__WHAT THE EXERCISE ASKS__
Exclude the pictures, and otherwise reproduce the data in full.

[PROVIDED DATA]

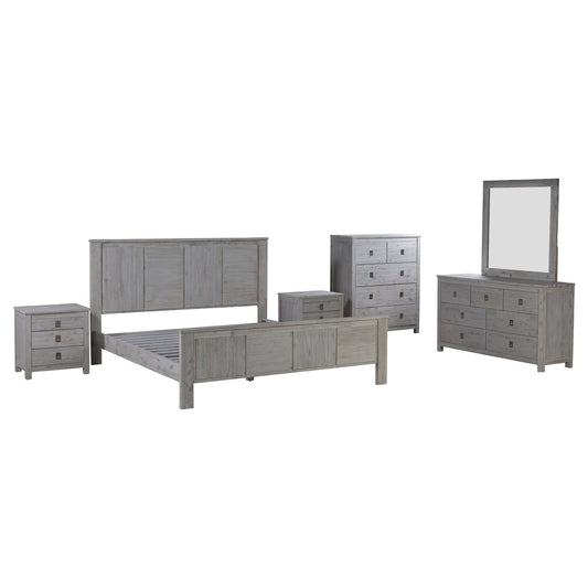5 Pieces Bedroom Suite with Solid Acacia Wood Veneered Construction in King Size White Ash Colour Bed, Bedside Table , Tallboy & Dresser
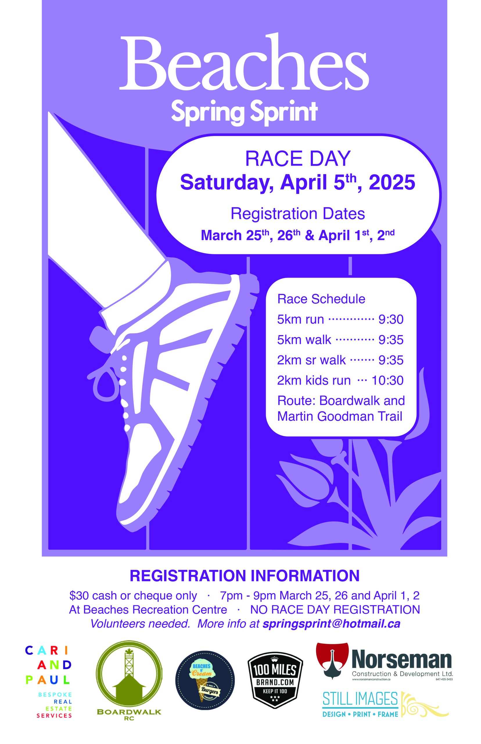 Annual 5km and 2km run/walk along the boardwalks and Martin Goodman Trail. Event organized by the Beaches Recreation Centre Advisory Council. Registration in advance at the Beaches Recreation Centre, March […]
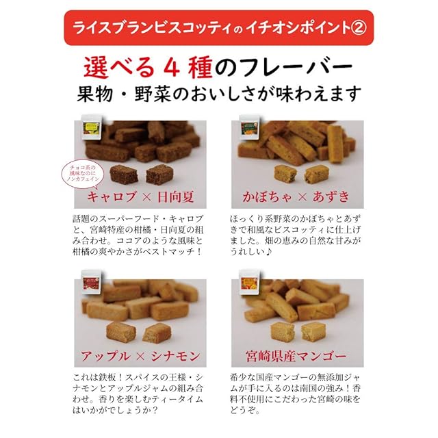 〇アップル×シナモン 一番人気のりんごが果肉ごと入ったビスコ。シナモンが良いアクセントです。 〇かぼちゃ×あずき 北海道産のかぼちゃとあずきを使用した一品。店長のイチオシです! 〇キャロブ×日向夏 キャロブはカカオの代替品でカフェインを含んでいないんです。 日向夏は宮崎県名産の柑橘のハーモニーをお楽しみください。 〇マンゴー 言わずと知れた宮崎県の特産品!果肉が入ったマンゴージャムをた?っぷり使用しております。

[/PROVIDED DATA]

__TASK RESPONSE__
5 Pieces Bedroom Suite with Solid Acacia Wood Veneered Construction in King Size White Ash Colour Bed, Bedside Table , Tallboy & Dresser
 Annual 5km and 2km run/walk along the boardwalks and Martin Goodman Trail. Event organized by the Beaches Recreation Centre Advisory Council. Registration in advance at the Beaches Recreation Centre, March […]
 〇アップル×シナモン 一番人気のりんごが果肉ごと入ったビスコ。シナモンが良いアクセントです。 〇かぼちゃ×あずき 北海道産のかぼちゃとあずきを使用した一品。店長のイチオシです! 〇キャロブ×日向夏 キャロブはカカオの代替品でカフェインを含んでいないんです。 日向夏は宮崎県名産の柑橘のハーモニーをお楽しみください。 〇マンゴー 言わずと知れた宮崎県の特産品!果肉が入ったマンゴージャムをた?っぷり使用しております。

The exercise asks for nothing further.